_What is expected:_ Reproduce precisely the lines between the start of the data below and the line with "STELLAのアプリをSNSを通じてお友達に紹介する事ができます。", both included.

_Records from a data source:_
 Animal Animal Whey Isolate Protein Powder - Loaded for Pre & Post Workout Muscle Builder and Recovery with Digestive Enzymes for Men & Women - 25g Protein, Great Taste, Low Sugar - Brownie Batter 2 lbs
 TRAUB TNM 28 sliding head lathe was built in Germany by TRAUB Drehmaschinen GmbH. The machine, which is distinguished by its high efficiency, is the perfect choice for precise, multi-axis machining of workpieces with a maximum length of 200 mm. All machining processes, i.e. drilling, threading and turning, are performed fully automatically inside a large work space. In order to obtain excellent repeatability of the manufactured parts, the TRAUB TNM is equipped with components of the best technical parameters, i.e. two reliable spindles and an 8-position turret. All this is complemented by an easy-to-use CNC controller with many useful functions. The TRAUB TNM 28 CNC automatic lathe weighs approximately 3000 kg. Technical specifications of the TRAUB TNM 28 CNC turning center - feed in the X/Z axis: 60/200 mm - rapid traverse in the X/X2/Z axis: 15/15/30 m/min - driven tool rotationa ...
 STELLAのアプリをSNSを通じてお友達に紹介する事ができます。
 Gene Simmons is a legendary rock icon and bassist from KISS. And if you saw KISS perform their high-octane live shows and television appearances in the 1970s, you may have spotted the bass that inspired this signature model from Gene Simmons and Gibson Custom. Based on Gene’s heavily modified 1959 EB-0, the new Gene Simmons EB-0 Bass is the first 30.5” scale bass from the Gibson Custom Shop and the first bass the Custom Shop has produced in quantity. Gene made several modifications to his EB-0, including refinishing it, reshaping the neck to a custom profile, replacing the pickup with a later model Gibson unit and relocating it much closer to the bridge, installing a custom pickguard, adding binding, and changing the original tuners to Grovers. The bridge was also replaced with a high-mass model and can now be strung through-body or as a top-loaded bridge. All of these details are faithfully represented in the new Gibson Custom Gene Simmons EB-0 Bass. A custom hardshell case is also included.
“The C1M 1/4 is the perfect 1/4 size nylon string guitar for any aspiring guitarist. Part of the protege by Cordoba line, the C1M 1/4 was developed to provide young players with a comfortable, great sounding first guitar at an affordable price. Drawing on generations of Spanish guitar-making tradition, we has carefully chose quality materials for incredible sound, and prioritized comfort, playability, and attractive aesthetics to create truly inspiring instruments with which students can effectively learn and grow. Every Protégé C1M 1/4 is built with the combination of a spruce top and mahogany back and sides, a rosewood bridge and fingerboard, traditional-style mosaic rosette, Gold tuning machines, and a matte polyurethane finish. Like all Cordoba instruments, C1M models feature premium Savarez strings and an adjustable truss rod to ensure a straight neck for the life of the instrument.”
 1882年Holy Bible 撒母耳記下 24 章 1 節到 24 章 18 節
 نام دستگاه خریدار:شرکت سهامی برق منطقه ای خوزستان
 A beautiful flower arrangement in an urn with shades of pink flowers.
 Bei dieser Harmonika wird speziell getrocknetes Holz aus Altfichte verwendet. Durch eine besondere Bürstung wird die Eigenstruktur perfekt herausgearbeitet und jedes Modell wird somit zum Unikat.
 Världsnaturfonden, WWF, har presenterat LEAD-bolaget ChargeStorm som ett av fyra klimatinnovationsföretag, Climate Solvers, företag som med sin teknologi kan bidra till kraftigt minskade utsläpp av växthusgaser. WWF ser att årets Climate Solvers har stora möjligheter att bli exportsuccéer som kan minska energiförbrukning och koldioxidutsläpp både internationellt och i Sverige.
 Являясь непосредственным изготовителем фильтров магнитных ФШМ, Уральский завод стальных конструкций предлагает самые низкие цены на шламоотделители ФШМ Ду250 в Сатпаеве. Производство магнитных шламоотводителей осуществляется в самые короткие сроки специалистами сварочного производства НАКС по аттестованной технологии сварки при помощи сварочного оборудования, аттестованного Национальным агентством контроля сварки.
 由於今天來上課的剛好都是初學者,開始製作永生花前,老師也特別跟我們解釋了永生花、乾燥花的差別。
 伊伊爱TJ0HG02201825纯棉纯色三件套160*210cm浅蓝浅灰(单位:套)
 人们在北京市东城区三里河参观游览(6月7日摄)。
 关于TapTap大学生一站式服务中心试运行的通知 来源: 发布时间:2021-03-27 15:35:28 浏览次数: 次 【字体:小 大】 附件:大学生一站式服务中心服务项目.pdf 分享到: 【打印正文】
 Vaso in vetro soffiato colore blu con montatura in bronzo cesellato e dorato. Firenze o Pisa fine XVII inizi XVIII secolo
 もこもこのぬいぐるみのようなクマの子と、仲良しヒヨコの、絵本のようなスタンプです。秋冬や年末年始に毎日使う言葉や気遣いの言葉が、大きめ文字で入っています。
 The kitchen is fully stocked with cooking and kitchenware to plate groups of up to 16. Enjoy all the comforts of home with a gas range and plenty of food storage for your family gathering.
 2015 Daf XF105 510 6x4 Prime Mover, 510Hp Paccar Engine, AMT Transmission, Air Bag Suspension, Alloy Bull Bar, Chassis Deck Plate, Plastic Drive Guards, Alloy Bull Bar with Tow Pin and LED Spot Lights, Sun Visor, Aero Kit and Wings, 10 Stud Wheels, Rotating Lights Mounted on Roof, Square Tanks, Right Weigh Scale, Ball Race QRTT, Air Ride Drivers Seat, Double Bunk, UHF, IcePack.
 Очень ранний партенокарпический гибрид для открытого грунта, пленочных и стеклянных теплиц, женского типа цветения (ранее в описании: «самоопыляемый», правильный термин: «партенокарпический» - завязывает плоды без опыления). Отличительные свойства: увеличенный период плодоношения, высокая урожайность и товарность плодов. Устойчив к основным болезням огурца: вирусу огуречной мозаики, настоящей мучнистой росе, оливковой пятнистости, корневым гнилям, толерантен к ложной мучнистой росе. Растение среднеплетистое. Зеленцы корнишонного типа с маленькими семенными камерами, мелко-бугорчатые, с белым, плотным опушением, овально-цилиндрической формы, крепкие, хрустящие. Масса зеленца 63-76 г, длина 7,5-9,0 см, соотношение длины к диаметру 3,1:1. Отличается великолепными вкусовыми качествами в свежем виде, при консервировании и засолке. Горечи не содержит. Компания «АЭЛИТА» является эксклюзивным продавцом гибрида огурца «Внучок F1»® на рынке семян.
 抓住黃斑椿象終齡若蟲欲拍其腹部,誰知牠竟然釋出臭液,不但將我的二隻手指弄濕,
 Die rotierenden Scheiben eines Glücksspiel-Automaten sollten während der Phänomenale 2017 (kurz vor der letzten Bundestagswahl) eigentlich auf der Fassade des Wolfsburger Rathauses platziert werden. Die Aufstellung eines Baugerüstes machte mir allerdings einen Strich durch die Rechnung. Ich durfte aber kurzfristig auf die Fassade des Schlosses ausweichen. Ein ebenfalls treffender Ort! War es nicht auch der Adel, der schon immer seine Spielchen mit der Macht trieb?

_Task result:_
 Animal Animal Whey Isolate Protein Powder - Loaded for Pre & Post Workout Muscle Builder and Recovery with Digestive Enzymes for Men & Women - 25g Protein, Great Taste, Low Sugar - Brownie Batter 2 lbs
 TRAUB TNM 28 sliding head lathe was built in Germany by TRAUB Drehmaschinen GmbH. The machine, which is distinguished by its high efficiency, is the perfect choice for precise, multi-axis machining of workpieces with a maximum length of 200 mm. All machining processes, i.e. drilling, threading and turning, are performed fully automatically inside a large work space. In order to obtain excellent repeatability of the manufactured parts, the TRAUB TNM is equipped with components of the best technical parameters, i.e. two reliable spindles and an 8-position turret. All this is complemented by an easy-to-use CNC controller with many useful functions. The TRAUB TNM 28 CNC automatic lathe weighs approximately 3000 kg. Technical specifications of the TRAUB TNM 28 CNC turning center - feed in the X/Z axis: 60/200 mm - rapid traverse in the X/X2/Z axis: 15/15/30 m/min - driven tool rotationa ...
 STELLAのアプリをSNSを通じてお友達に紹介する事ができます。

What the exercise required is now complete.